_Activity_: Restate word for word the section of the entries that opens at the line containing "et 14:00-19:00 |" and closes at the line containing "directional fabric tips.", both lines kept, pictures dropped.

*** Given records

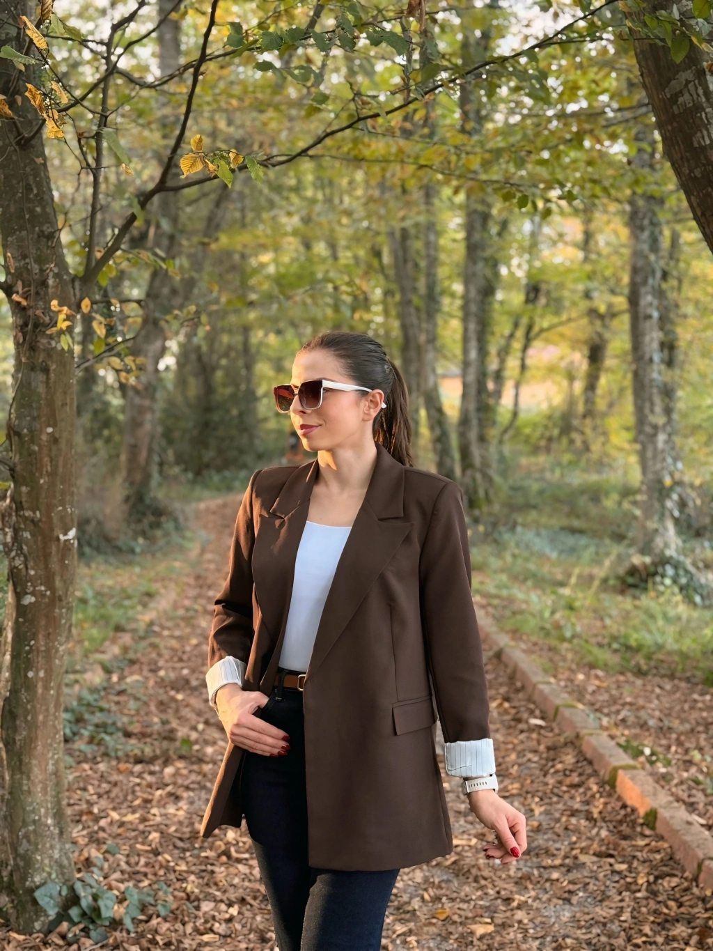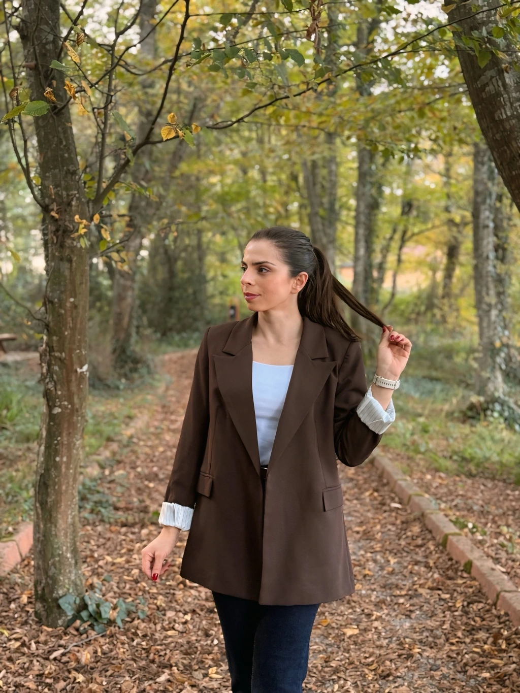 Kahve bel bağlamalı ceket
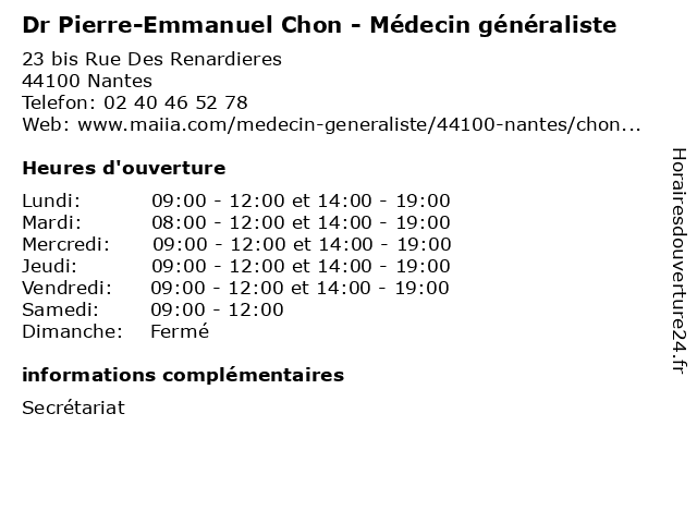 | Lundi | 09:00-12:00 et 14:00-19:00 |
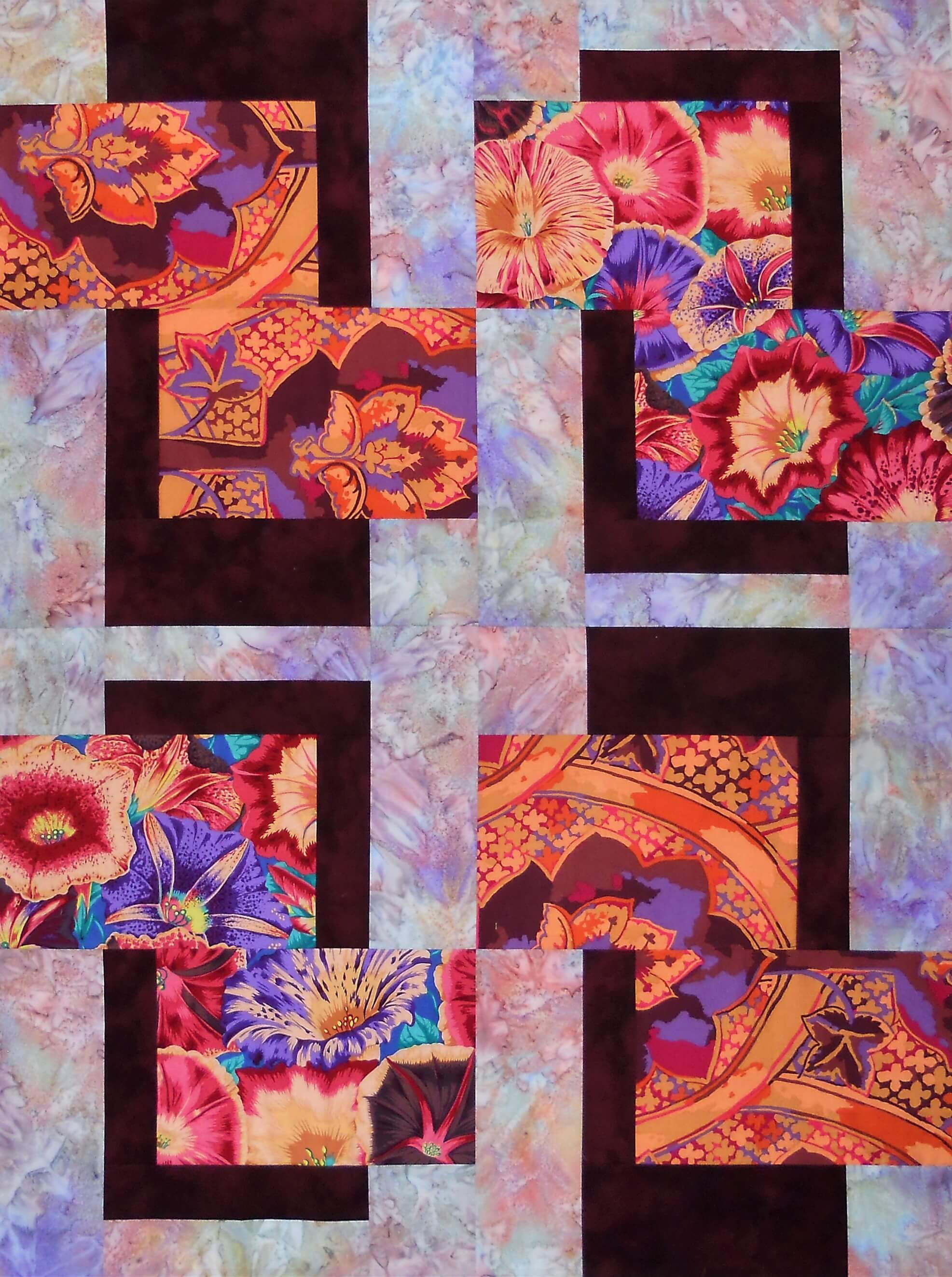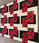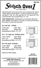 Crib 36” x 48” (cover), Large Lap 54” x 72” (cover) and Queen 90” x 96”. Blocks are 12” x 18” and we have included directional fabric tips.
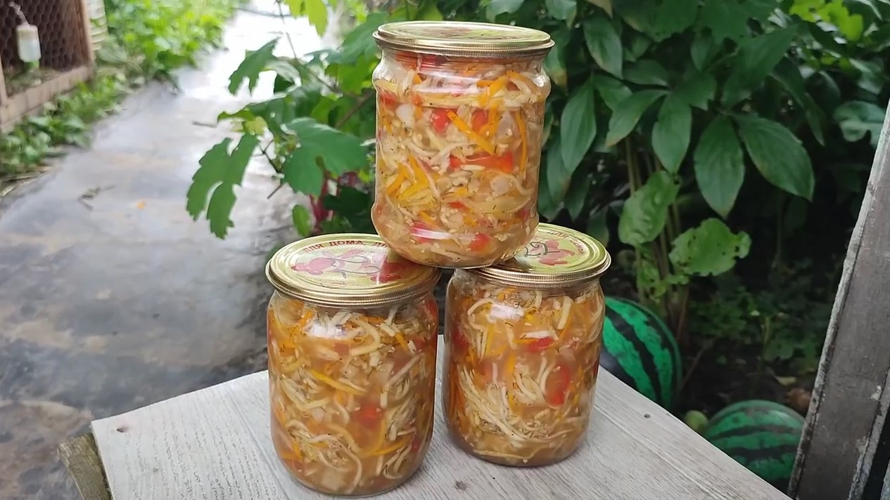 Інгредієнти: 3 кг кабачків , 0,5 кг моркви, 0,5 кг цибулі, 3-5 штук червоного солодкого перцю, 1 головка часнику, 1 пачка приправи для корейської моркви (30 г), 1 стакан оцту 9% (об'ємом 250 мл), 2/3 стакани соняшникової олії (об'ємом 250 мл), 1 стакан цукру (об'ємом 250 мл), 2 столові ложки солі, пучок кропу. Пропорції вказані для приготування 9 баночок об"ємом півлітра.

******
*** Given records

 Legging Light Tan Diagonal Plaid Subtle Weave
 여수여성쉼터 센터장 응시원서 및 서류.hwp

******

_Answer for the task_:
 | Lundi | 09:00-12:00 et 14:00-19:00 |
 Crib 36” x 48” (cover), Large Lap 54” x 72” (cover) and Queen 90” x 96”. Blocks are 12” x 18” and we have included directional fabric tips.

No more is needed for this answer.